How journalists can do better
News stories can go beyond cursory descriptions that might suggest to readers a benefit that doesn’t exist. The Telegraph said PFS is “the period during which the cancer does not get worse.” The Herald called it “time where the cancer is not progressing.”
Who wouldn’t want to keep cancer from “progressing” or “getting worse?”
“I think the message that people often get when they read or hear about improved PFS is that survival will be longer or that health deterioration has been halted,” Haslam said. “On the surface, this seems like a reasonable assumption, but because we know from research that this is more often not the case, it is important that the reporting of PFS also comes with a better explanation of what this term really means.”
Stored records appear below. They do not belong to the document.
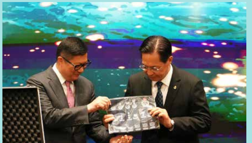
保安局局長鄧炳強（左）將載荷物交予處長羅仁禮（右）

首顆 可重複使用的返回式技術試驗衛星——實踐十九號於2024年9月27日發射升空，並於2024年10月11日成功返航。保安局局長鄧炳強於2024年10月29日在政府總部主持開箱儀式，將載荷物及航天搭載證明交予各部隊首長。民安隊特意挑選了部隊肩章隨衛星升空，象徵全體人員對服務社會的承諾，同時展現民安隊對探索宇宙及追求卓越的渴望。
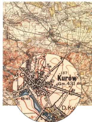
Fragment mapy S. Heldensfelda z 1801 r.
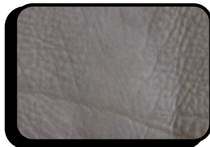
Basso di fiore (caratteristica naturale delle pelli)
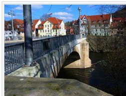
Camsdorfer Brücke nach der Sanierung
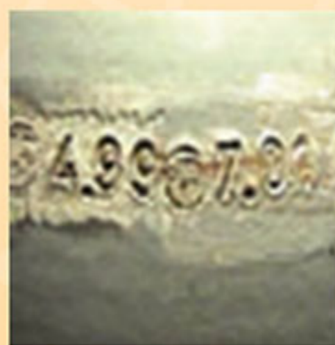
عمق بیش از حد مجاز حروف و حک در محل غیرمجاز
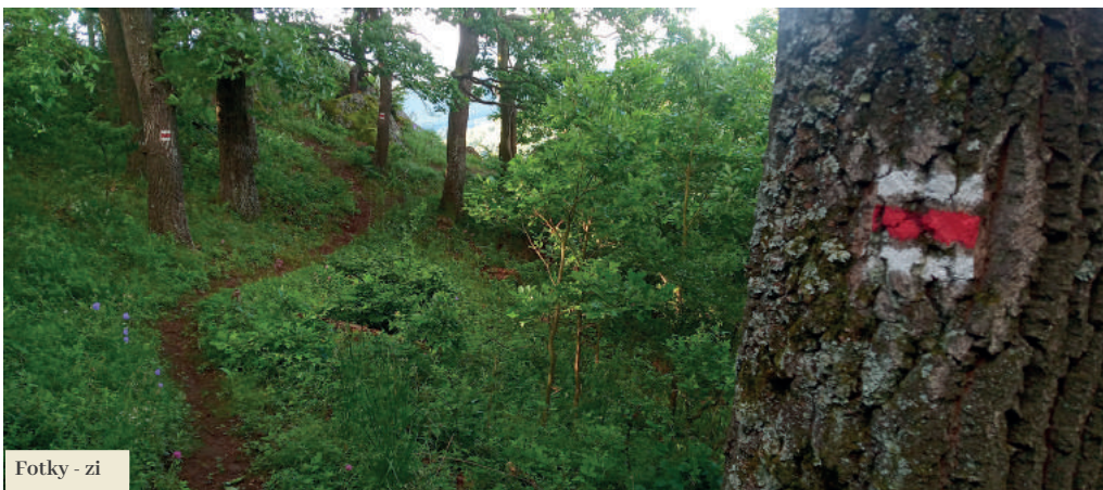
Fotky - zi

prípade má výhodu autobusové spojenie oproti osobnej doprave, v prípade ktorej sa musíte vrátiť tam, kde ste túru začali. Tí, ktorí majú radi dlhšie prechádzky, majú skvelú možnosť vyraziť z Filakova po žltej značke smerom na Belinské skaly, Monicu, a neskôr zo sedla Monica pokračovať po červenej značke na sedlo Garád a Pohanský hrad. Po zdoľaní 17 km dobre padne oddych, môžeme spoznať miesto a pokochať sa výhľadom až na najvyššie pohoria Maďarska – Bükk a Mátra. Cieľovými bodmi, ako vyššie uvádzame, môžu byť Šurice a Hajnáčka po zelenej trase, alebo Stará Bašta po náučnom chodníku. Do Filakova nás dopraví autobus na linke Tachty – Filakovo cez vymenované obce. V prípade, že preferujete vlakovú dopravu, je vhodné zísť do Šuríc, odkiaľ je vlaková zastávka Hajnáčka len 20
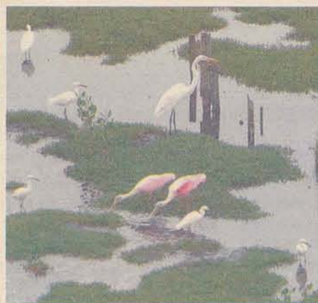
Tânia, da janela de seu apartamento, observa o ir e vir dos pássaros no mangue
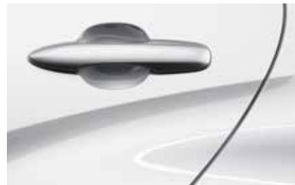
Northern White Pearl (48D)**
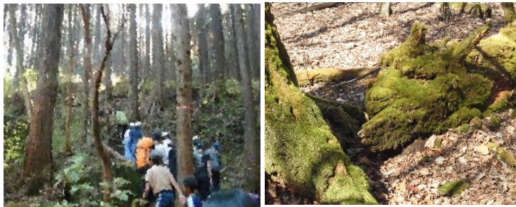
森の中を静かにゆっくり進みます。苔に覆われた倒木。龍の頭のよう。

Also useful would be more complete reporting on treatments including costs, adverse effects, and conflicts of interest, said Tregear and Judi Hirshfield-Bartek, a retired oncology nurse who is on the National Breast Cancer Coalition’s board.
The three stories sparsely reported on those areas, which are among HealthNewsReview.org’s ten criteria for news stories. (Healthline did mention Tecentriq’s $13,400-a-month price tag.) Hirshfield-Bartek said the stories all seemed to be “based on a news release,” a promotional statement released by a research institution or drug company.
On the other hand, Rajkumar said journalists could greatly improve their reporting simply by including a line about whether a drug improves overall survival: “That way, the investigators who are enthusiastic about the drug are kept honest.”